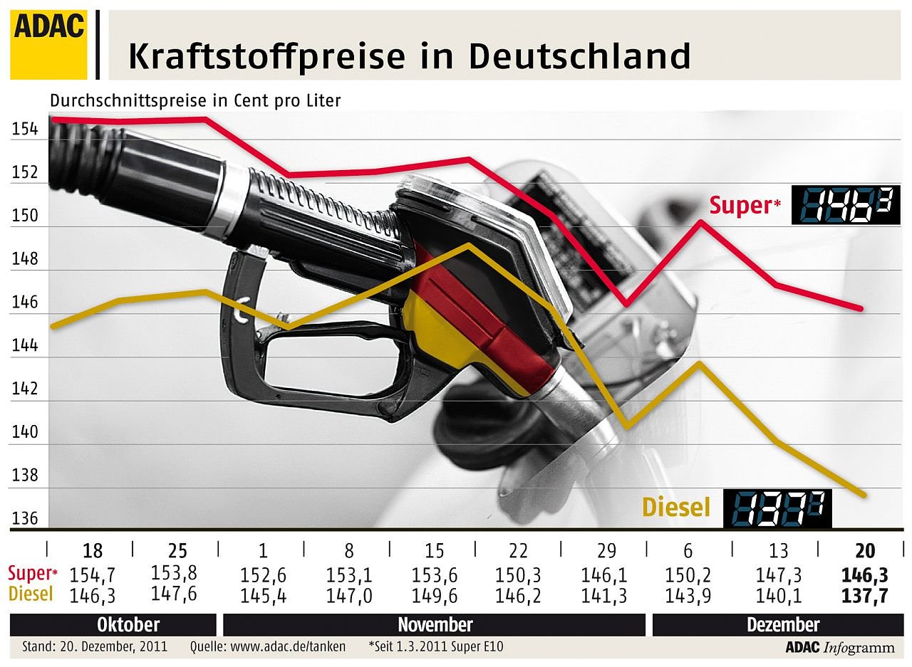 Laut ADAC sind die gesunkenen Kraftstoffpreise unter anderem eine Folge der Preisentwicklung auf dem Rohölmarkt. Ungeachtet dessen sollten die Autofahrer laut ADAC grundsätzlich auf Preisanhebungen vor den Weihnachtsfeiertagen gefasst sein und daher die sich zurzeit bietenden günstigen Gelegenheiten zum Nachtanken nutzen. Preiswerte Tankstellen finden interessierte Autofahrer unter www.adac.de/tanken.
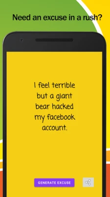 Life happens, and sometimes you just need a clever reason to bail on those not-so-exciting plans. Let Excuse Me generate the wackiest and most creative excuses that'll leave your friends laughing while you enjoy your newfound freedom.
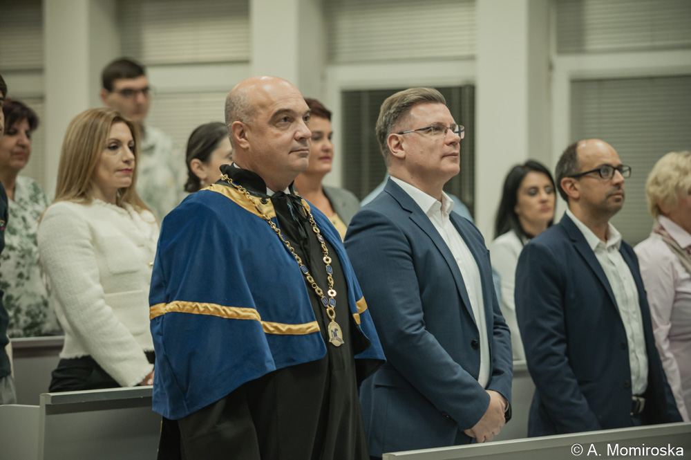 Со свечен академски час, Универзитетот за информатички науки и технологии „Св. Апостол Павле“ – Охрид денес го означи почетокот на академската 2025/2026 година. Настанот се одржа во амфитеатарот на Универзитетот со присуство на студенти, професори и гости.
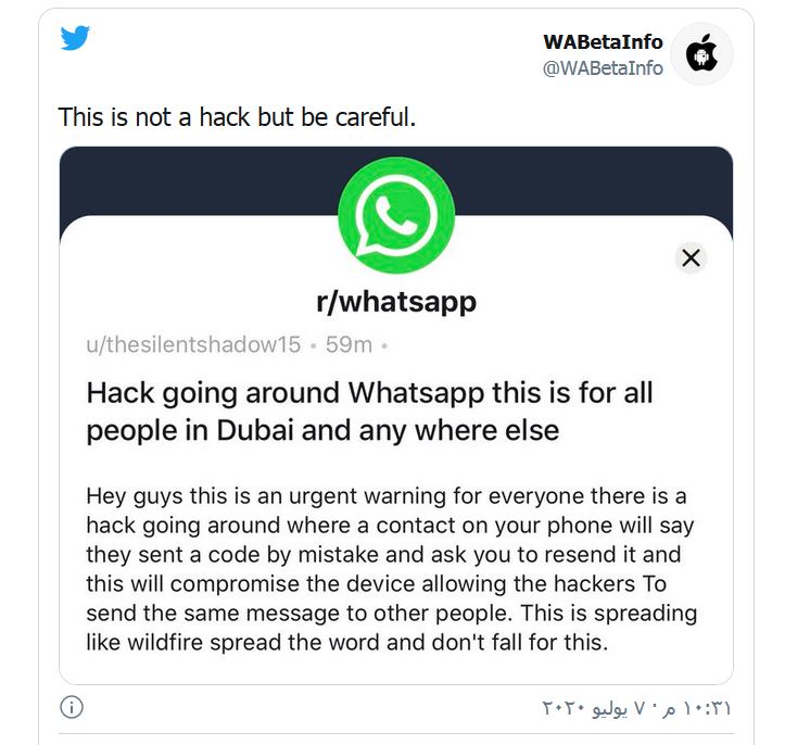وحذر حساب "وابيتا انفو" عبر موقع "تويتر"، المستخدمين من التطبيق المزيف، الذي يشمل نفس خصائص "واتسآب".

□ □ □ □ □ □ □

* [What the task asks]:
Send back the listing exactly as it stands. Do not include the pictures.

* [Result of this exercise]:
 Laut ADAC sind die gesunkenen Kraftstoffpreise unter anderem eine Folge der Preisentwicklung auf dem Rohölmarkt. Ungeachtet dessen sollten die Autofahrer laut ADAC grundsätzlich auf Preisanhebungen vor den Weihnachtsfeiertagen gefasst sein und daher die sich zurzeit bietenden günstigen Gelegenheiten zum Nachtanken nutzen. Preiswerte Tankstellen finden interessierte Autofahrer unter www.adac.de/tanken.
 Life happens, and sometimes you just need a clever reason to bail on those not-so-exciting plans. Let Excuse Me generate the wackiest and most creative excuses that'll leave your friends laughing while you enjoy your newfound freedom.
 Со свечен академски час, Универзитетот за информатички науки и технологии „Св. Апостол Павле“ – Охрид денес го означи почетокот на академската 2025/2026 година. Настанот се одржа во амфитеатарот на Универзитетот со присуство на студенти, професори и гости.
وحذر حساب "وابيتا انفو" عبر موقع "تويتر"، المستخدمين من التطبيق المزيف، الذي يشمل نفس خصائص "واتسآب".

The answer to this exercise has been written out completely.